Post-trained language models show 3-4x lower output entropy when continuing their own generations versus prefilled text. This explores what mechanism drives that confidence gap and whether it reflects genuine self-recognition.
The cleanest evidence that post-trained models recognize their own generations is an entropy gap: on-policy output distribution entropy is 3-4x lower than off-policy entropy, and this holds across model families and size classes. When a model continues its own trajectory it is far more confident than when it continues a context it did not produce. The recognition is not verbalized — it is implicitly encoded in the shape of the output distribution itself.
The mechanism the paper traces is an internal representation of input surprise: the model tracks how unlikely the most recent input token was relative to its own prior predictions, and this surprise signal causally modulates output entropy. A vivid instance appears with open-ended prompts. Post-trained models (unlike pretrained ones) collapse their uncertainty over the topic of the upcoming response before the first output token — they cache an intention.

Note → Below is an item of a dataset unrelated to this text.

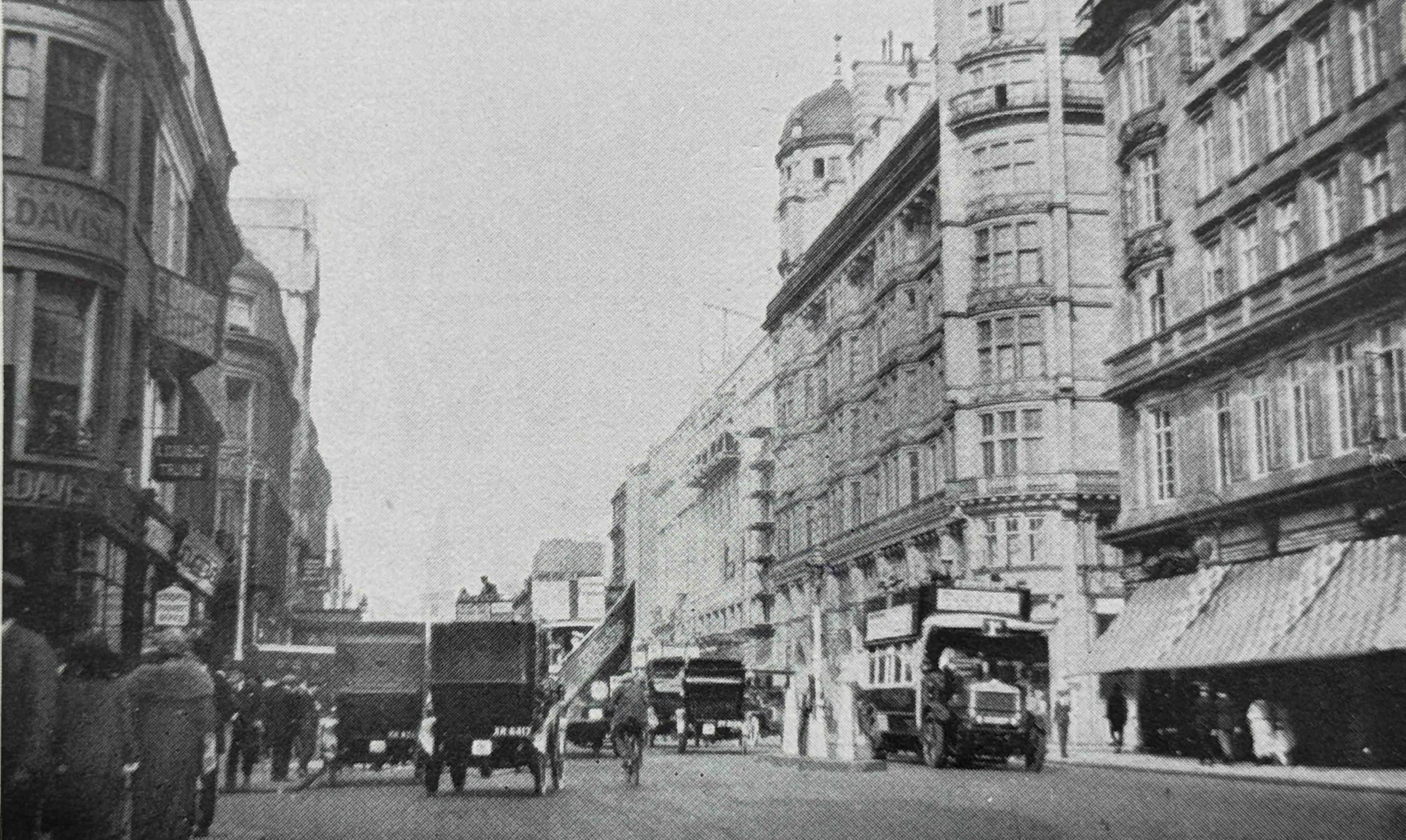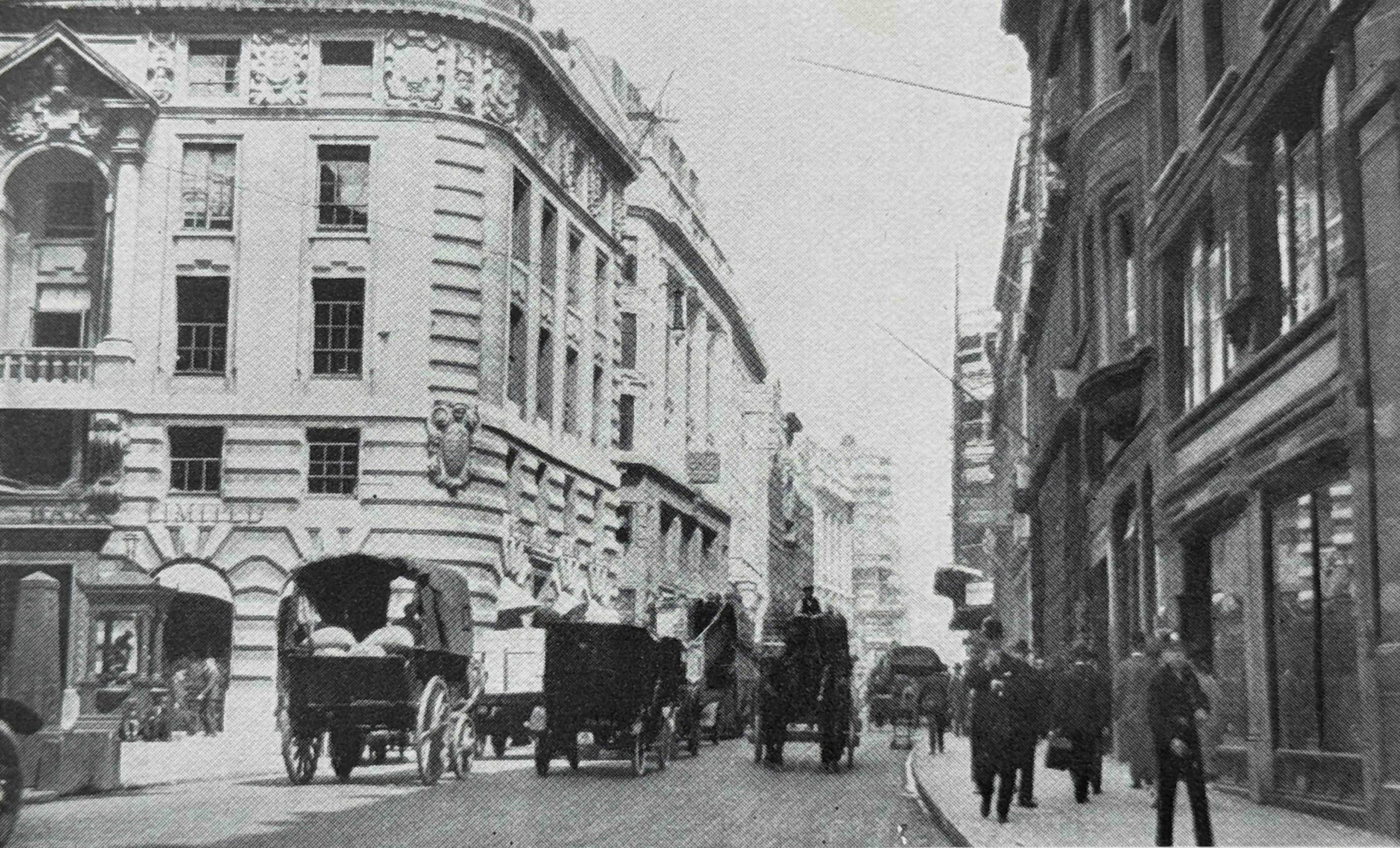 The rebuilt King William Street shows how buildings were increasing in height amd becoming more imposing. We can also see the start of the transformation of vehicles types with horse drawn in the above photo and just over 30 years later, a motor driven lorry van be seen in the foreground:

Violating that cached intention by prefilling a different-topic continuation drives output entropy back up, exposing the mismatch between the model's plan and the imposed context.
Why it matters: this connects to a broader picture of entropy as a controllable, mechanistically grounded variable rather than a side effect. It also has a practical edge for detection — the entropy signature is a behavioral fingerprint of on-policy versus off-policy context that does not require access to weights. But the counterpoint is sharp: an implicit signal that lowers entropy on self-generated text means models may grow systematically overconfident precisely on the outputs they author, which is the regime where their errors compound autoregressively.
— "From Simulation to Enaction: Post-trained Language Models Recognize and React to their own Generations", https://arxiv.org/abs/2605.25459
Related concepts in this collection
-
Do models recognize their own outputs as actions shaping future inputs?
Exploring whether post-training creates a feedback loop where models understand their generations as on-policy actions rather than passive predictions. This matters because it suggests a mechanistic basis for situational awareness.
the entropy gap is the implicit signature of the enaction shift
-
Why do reasoning models fail differently at training versus inference?
Reasoning models exhibit two distinct failure modes—entropy collapse during training and variance inflation during inference—that appear unrelated but may share underlying causes. Understanding these dual problems could reveal whether separate or unified solutions are needed.
adds a third entropy regime — on-policy vs off-policy recognition — distinct from training collapse and test-time inflation
-
Does training order reshape how models handle different task types?
Explores whether the sequence of multi-task RL training systematically affects model capabilities across structured and creative domains, and whether this ordering effect can be predicted and optimized.
both treat output entropy as a mechanistic variable shaped by what the model is processing
-
Does policy entropy collapse limit reasoning performance in RL?
As reinforcement learning models become more confident in their policy choices, entropy drops and performance plateaus. Can we identify and counteract this bottleneck to sustain scaling?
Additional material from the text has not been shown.